▶ _Work to complete_
Everything from the line with "At the same" down to the line with "This bed can" below must be printed exactly, those two lines included. Exclude pictures.

*** Opening of Source material ***

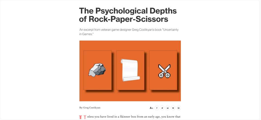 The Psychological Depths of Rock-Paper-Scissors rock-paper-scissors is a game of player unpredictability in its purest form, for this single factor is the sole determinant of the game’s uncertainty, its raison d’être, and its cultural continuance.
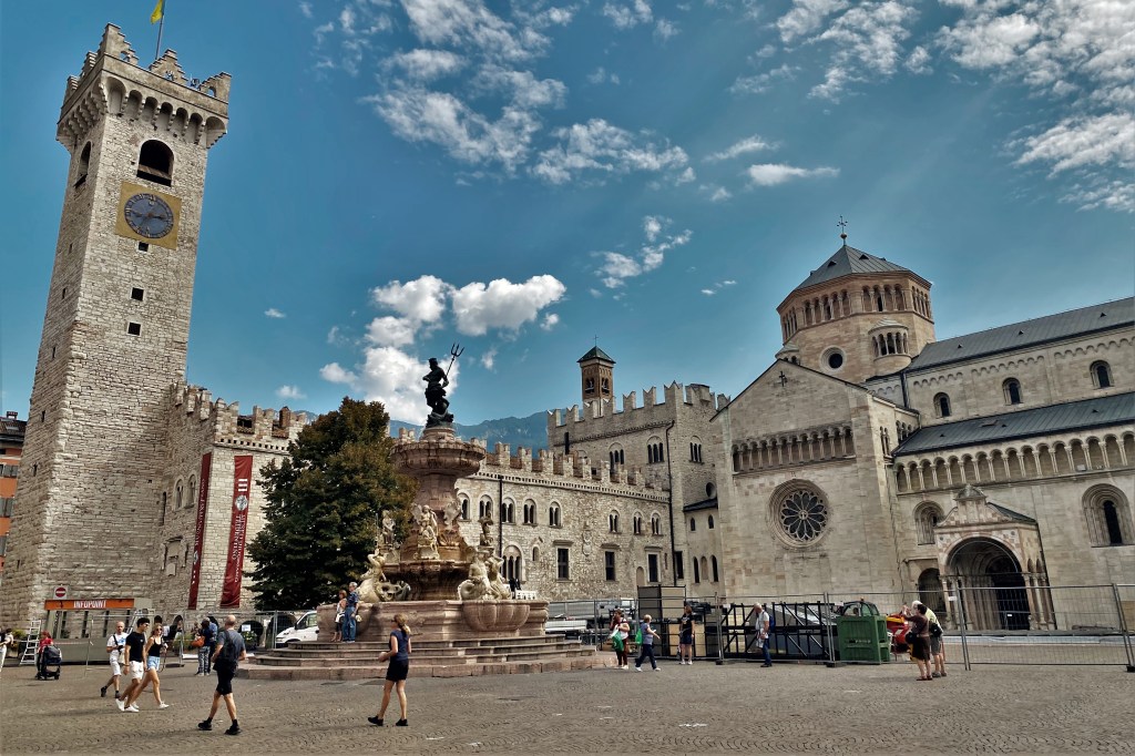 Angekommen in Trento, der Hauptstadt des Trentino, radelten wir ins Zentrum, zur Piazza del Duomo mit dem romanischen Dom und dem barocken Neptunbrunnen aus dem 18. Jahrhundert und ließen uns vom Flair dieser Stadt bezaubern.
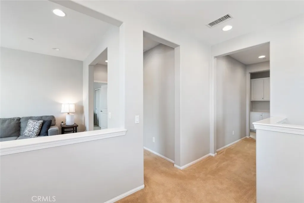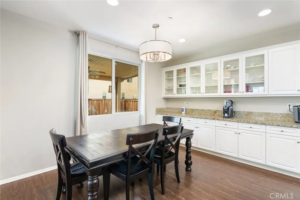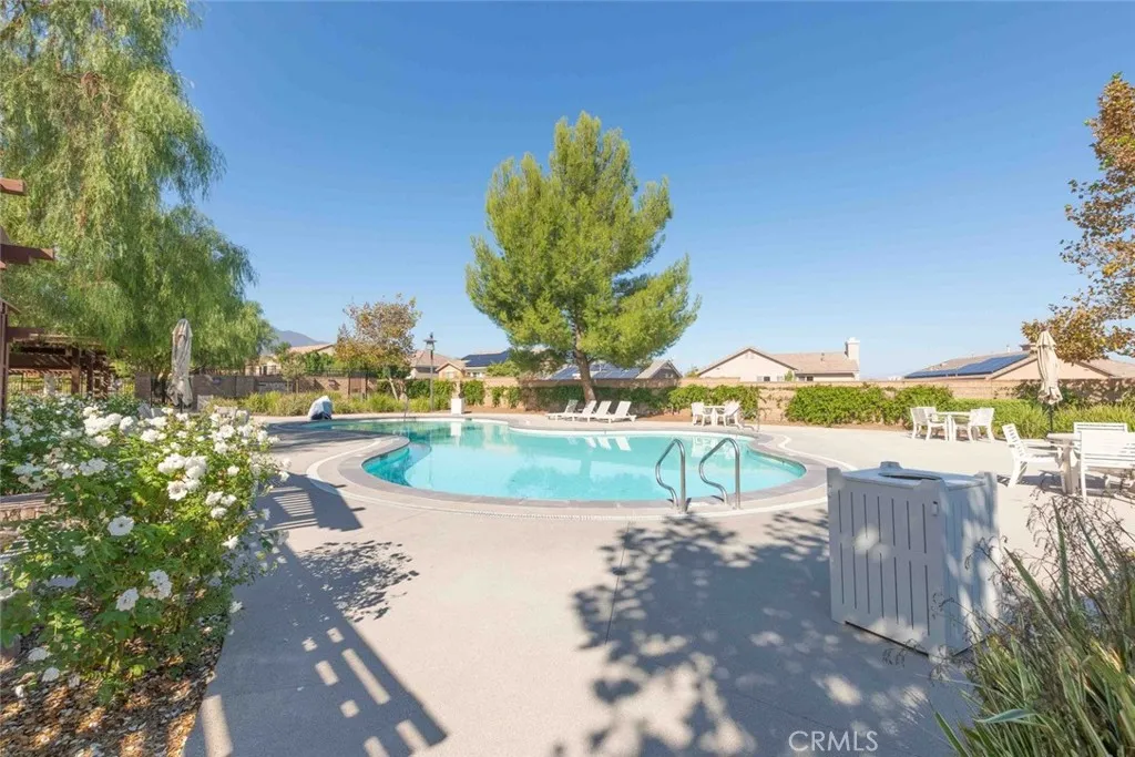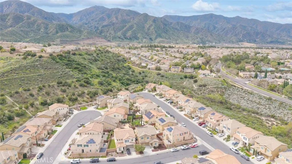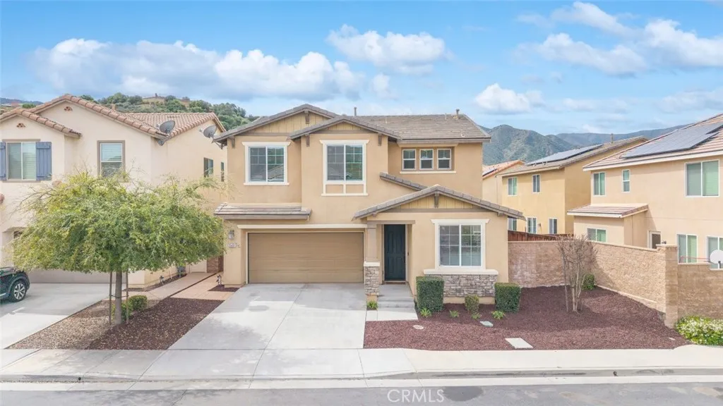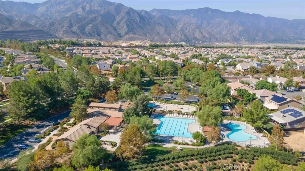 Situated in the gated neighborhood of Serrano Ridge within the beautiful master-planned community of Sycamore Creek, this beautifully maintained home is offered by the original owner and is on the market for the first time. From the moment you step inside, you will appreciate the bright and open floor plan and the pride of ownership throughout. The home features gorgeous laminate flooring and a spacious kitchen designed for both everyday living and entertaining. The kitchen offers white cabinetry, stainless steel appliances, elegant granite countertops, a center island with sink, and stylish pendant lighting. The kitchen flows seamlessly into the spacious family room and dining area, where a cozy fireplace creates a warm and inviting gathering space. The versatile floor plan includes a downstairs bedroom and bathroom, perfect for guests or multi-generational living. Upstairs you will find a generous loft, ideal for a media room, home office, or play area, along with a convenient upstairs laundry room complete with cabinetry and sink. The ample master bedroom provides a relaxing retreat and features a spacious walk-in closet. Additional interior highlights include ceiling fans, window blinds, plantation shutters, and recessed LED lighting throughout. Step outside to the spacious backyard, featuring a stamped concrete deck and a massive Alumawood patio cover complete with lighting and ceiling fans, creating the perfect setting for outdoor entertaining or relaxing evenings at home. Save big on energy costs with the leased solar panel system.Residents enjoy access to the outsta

*** Close of Source material ***
*** Opening of Source material ***

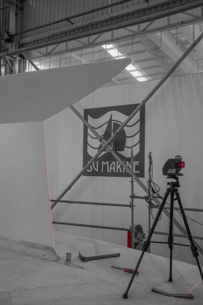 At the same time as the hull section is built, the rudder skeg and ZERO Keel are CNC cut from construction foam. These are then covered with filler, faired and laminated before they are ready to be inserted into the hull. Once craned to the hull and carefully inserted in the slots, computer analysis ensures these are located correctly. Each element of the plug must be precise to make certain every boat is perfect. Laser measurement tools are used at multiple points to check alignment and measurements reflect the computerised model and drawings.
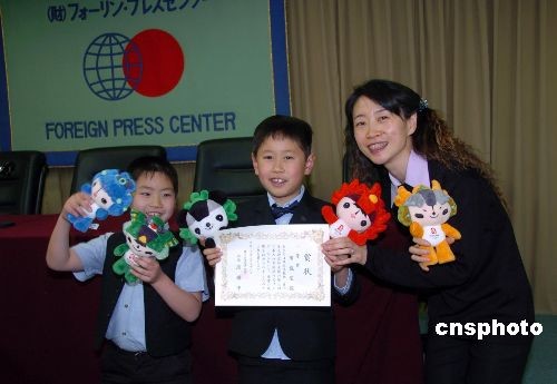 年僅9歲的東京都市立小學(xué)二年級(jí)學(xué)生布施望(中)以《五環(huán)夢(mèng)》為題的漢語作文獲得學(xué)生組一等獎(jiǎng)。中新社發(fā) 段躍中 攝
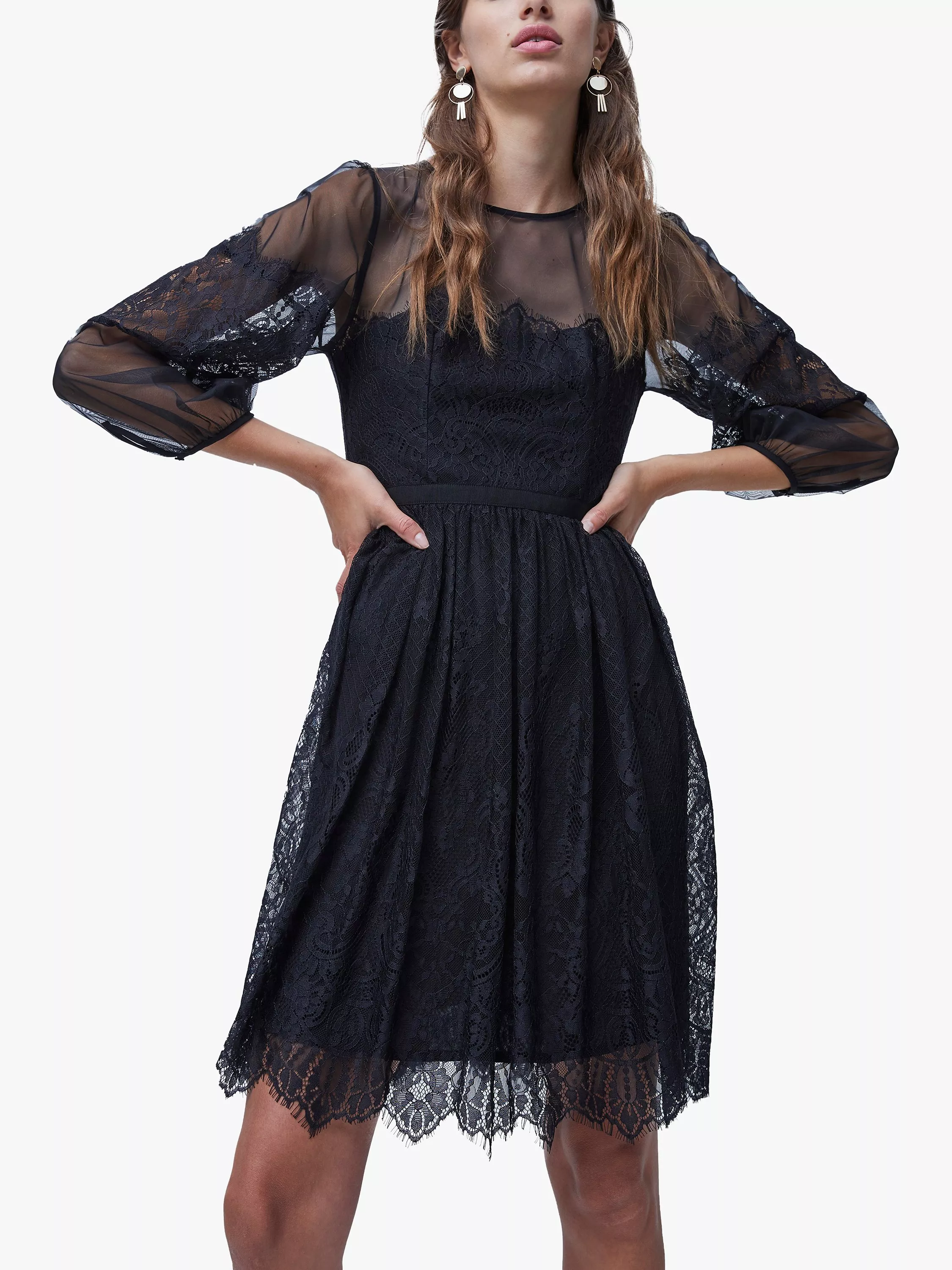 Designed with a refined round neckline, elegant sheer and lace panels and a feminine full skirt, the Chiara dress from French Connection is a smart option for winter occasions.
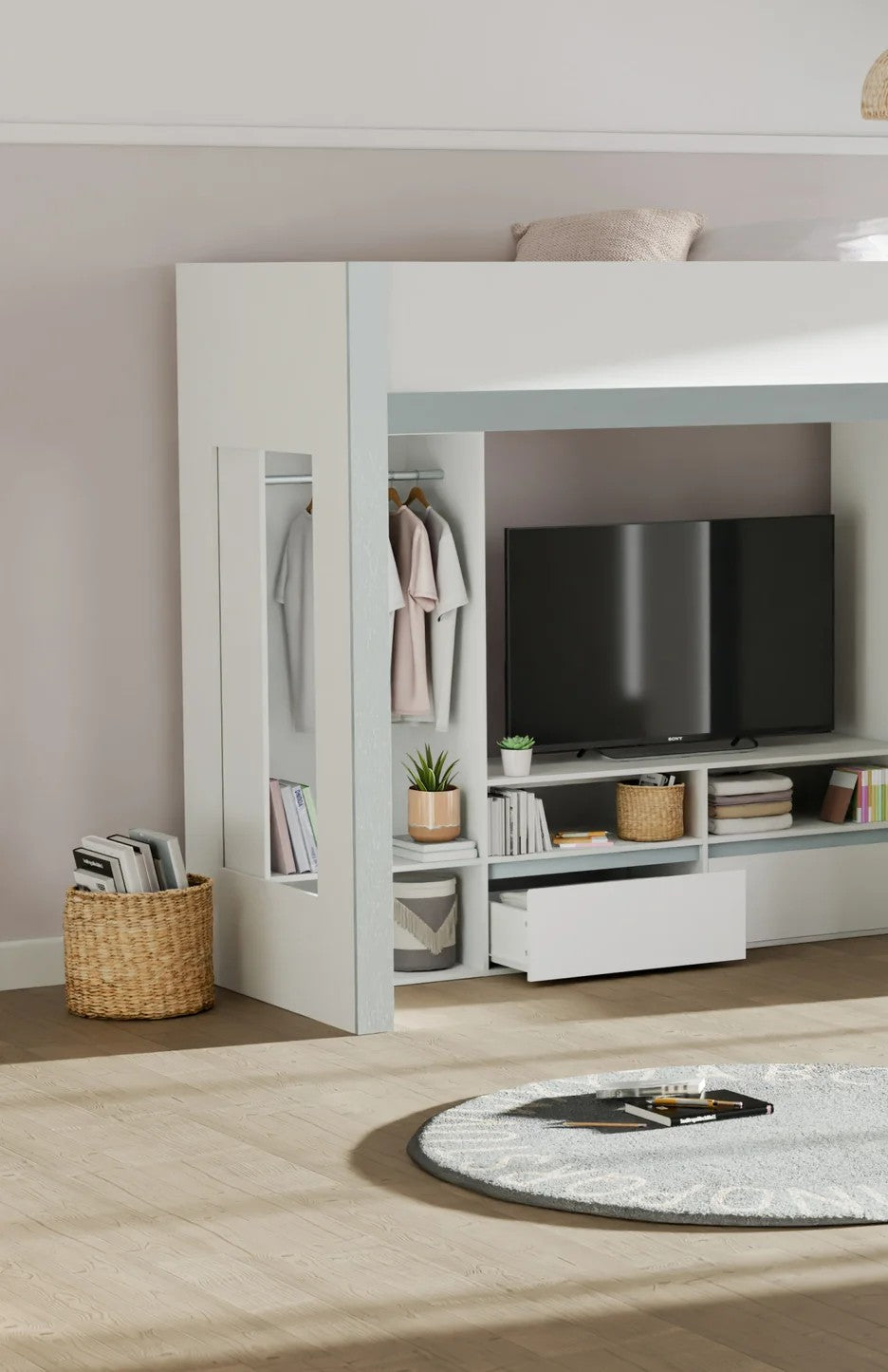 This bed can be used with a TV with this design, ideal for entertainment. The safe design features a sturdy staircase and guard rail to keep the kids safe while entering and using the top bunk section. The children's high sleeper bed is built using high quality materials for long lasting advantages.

*** Close of Source material ***

▶ _Output below_
 At the same time as the hull section is built, the rudder skeg and ZERO Keel are CNC cut from construction foam. These are then covered with filler, faired and laminated before they are ready to be inserted into the hull. Once craned to the hull and carefully inserted in the slots, computer analysis ensures these are located correctly. Each element of the plug must be precise to make certain every boat is perfect. Laser measurement tools are used at multiple points to check alignment and measurements reflect the computerised model and drawings.
 年僅9歲的東京都市立小學(xué)二年級(jí)學(xué)生布施望(中)以《五環(huán)夢(mèng)》為題的漢語作文獲得學(xué)生組一等獎(jiǎng)。中新社發(fā) 段躍中 攝
 Designed with a refined round neckline, elegant sheer and lace panels and a feminine full skirt, the Chiara dress from French Connection is a smart option for winter occasions.
 This bed can be used with a TV with this design, ideal for entertainment. The safe design features a sturdy staircase and guard rail to keep the kids safe while entering and using the top bunk section. The children's high sleeper bed is built using high quality materials for long lasting advantages.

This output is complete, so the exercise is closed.